OBJECTIVES: The authors present a novel technique to detect and characterize LAA thrombus in humans using combined positron emission tomography (PET)/cardiac magnetic resonance (CMR) of a fibrin-binding radiotracer, [64Cu]FBP8.

BACKGROUND: The detection of thrombus in the left atrial appendage (LAA) is vital in the prevention of stroke and is currently performed using transesophageal echocardiography (TEE).

METHODS: The metabolism and pharmacokinetics of [64Cu]FBP8 were studied in 8 healthy volunteers.

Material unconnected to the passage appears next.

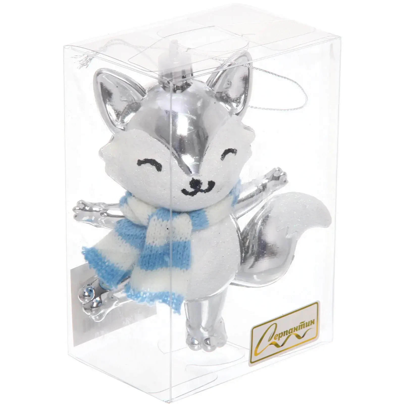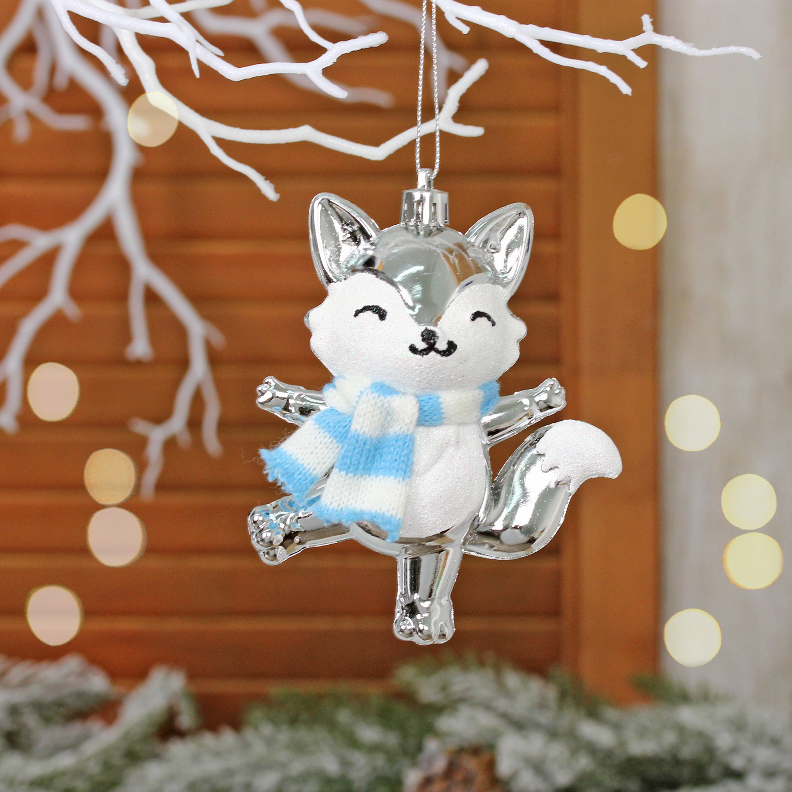 Ёлочная игрушка «Весёлый лисёнок» 8.8*5.5*13.5 см, Серебро, пластик, для елки и декорирования
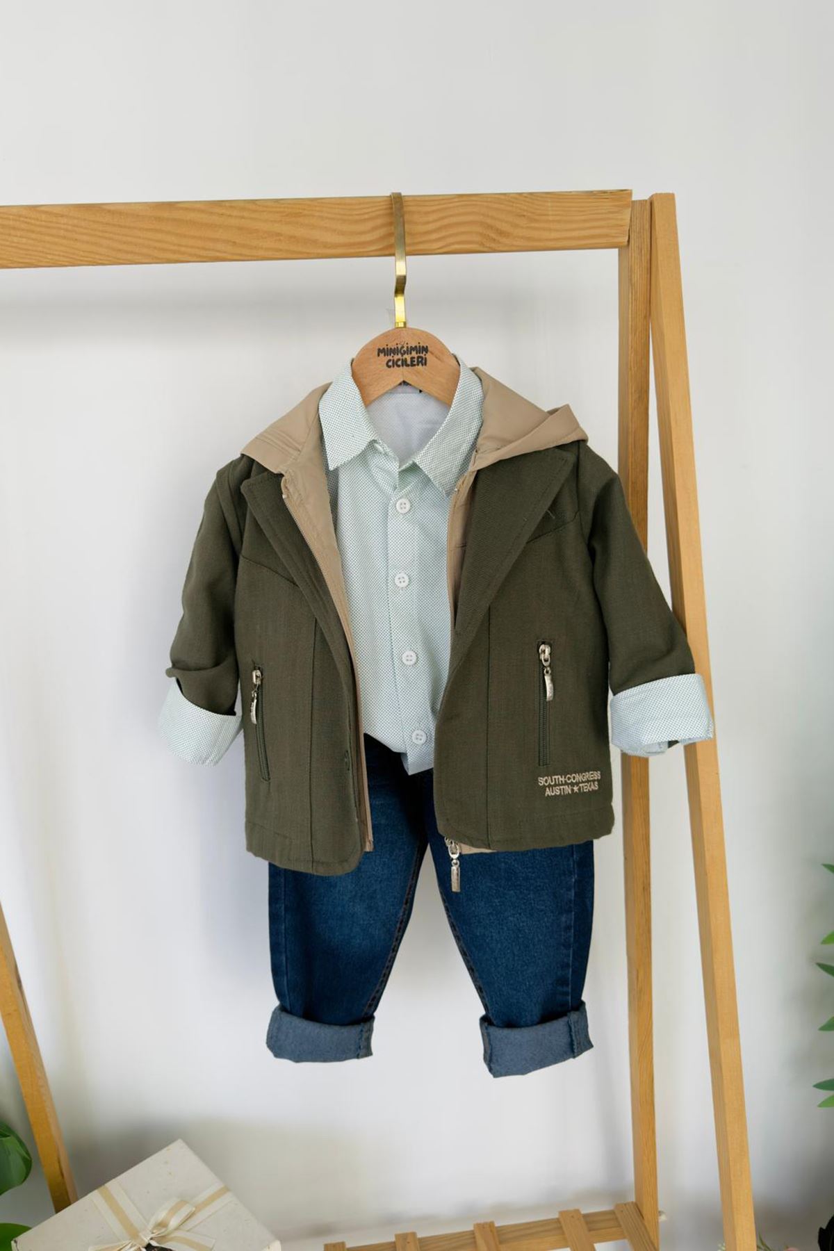 Miniğimin Cicileri Kapüşonlu Yelekli Ceketli Gömlek Jean 4’lü Erkek Çocuk Kombin - Yeşil

Patients with atrial fibrillation and recent TEEs of the LAA (positive n = 12, negative n = 12) were injected with [64Cu]FBP8 and imaged with PET/CMR, including mapping the longitudinal magnetic relaxation time (T1) in the LAA.

RESULTS: [64Cu]FBP8 was stable to metabolism and was rapidly eliminated. The maximum standardized uptake value (SUVMax) in the LAA was significantly higher in the TEE-positive than TEE-negative subjects (median of 4.0 [interquartile range (IQR): 3.0-6.0] vs 2.3 [IQR: 2.1-2.5]; P < 0.001), with an area under the receiver-operating characteristic curve of 0.97. An SUVMax threshold of 2.6 provided a sensitivity of 100% and specificity of 84%. The minimum T1 (T1Min) in the LAA was 970 ms (IQR: 780-1,080 ms) vs 1,380 ms (IQR: 1,120-1,620 ms) (TEE positive vs TEE negative; P < 0.05), with some overlap between the groups. Logistic regression using SUVMax and T1Min allowed all TEE-positive and TEE-negative subjects to be classified with 100% accuracy.

CONCLUSIONS: PET/CMR of [64Cu]FBP8 is able to detect acute as well as older platelet-poor thrombi with excellent accuracy. Furthermore, the integrated PET/CMR approach provides useful information on the biological properties of thrombus such as fibrin and methemoglobin content. (Imaging of LAA Thrombosis; NCT03830320).